Sukuk’s shares in the total funding mix has only just leaped to 36 percent in 2021, according to Fitch. Underscoring the fact that the gains of India and a few other countries who have learnt to attract record levels of foreign capital inflows by issuing asset-based bonds targeted at their diaspora predated the rise of sukuk, and the breakthroughs of China, Brazil, India, and a few other developing countries in leveraging on local assets to receive record levels of global equity inflows through cross-border mergers and acquisitions and greenfield deals have long been underway before the rise of sukuk. Nigeria’s options are endless!

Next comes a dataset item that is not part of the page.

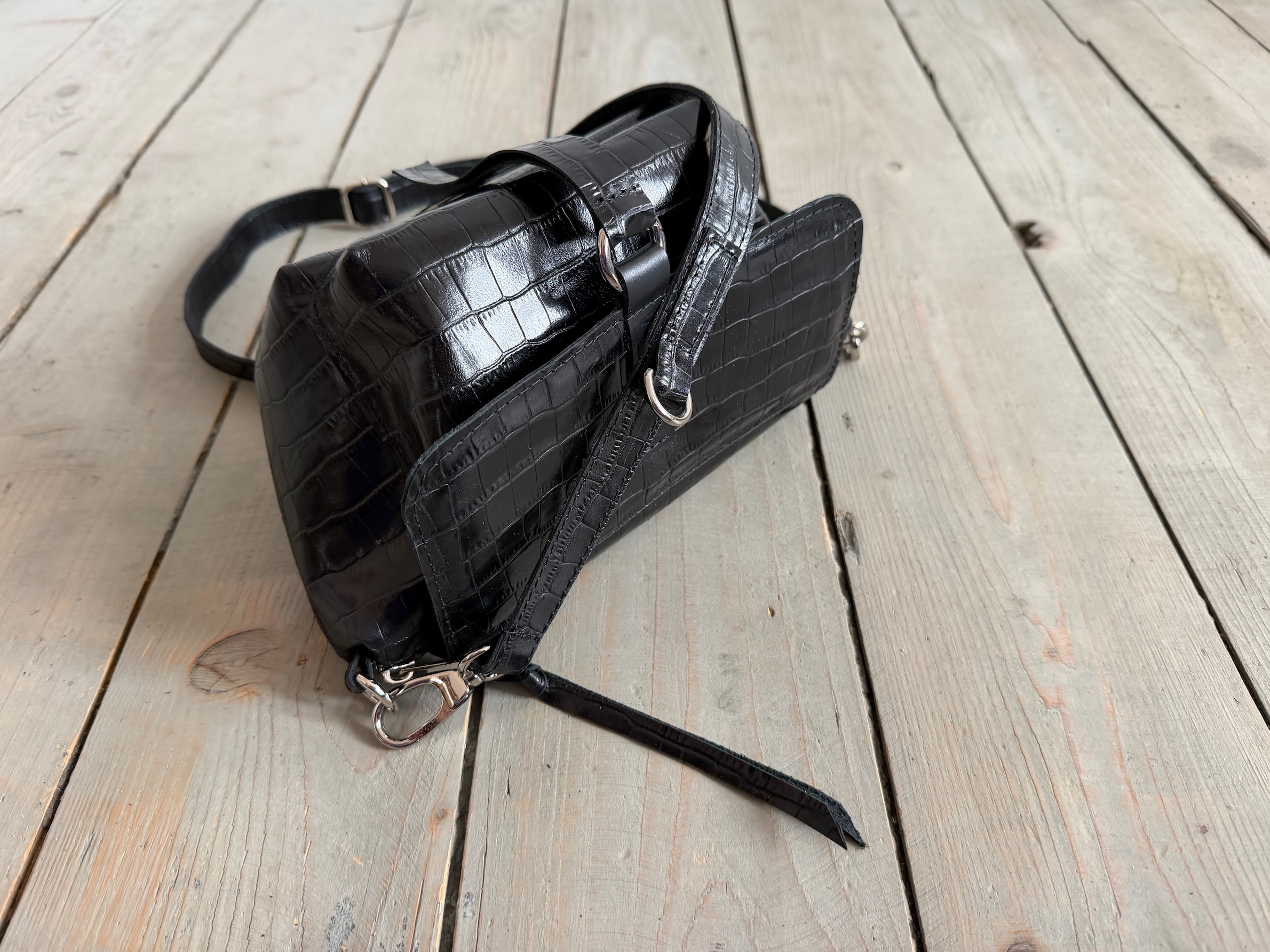 Uszyta ze skóry naturalnej licowej + bawełnianej podszewki.

Nigeria should aggressively restructure its debt portfolio by replacing interest-paying commercial bonds with interest-free commercial bonds on a wholesale basis to drastically reduce or eliminate the N4.9 trillion annual average interest payments that is projected in the 2022-2024 MTEF.

Rather than issue interest-paying bonds to fund infrastructure, we should create special-purpose vehicles for packaging infrastructure assets for interest-free financing through asset-linked non-convertible or convertible bonds. Ideally, this should happen in a rule-based fiscal regime with an independent advisory fiscal commission as a watchdog.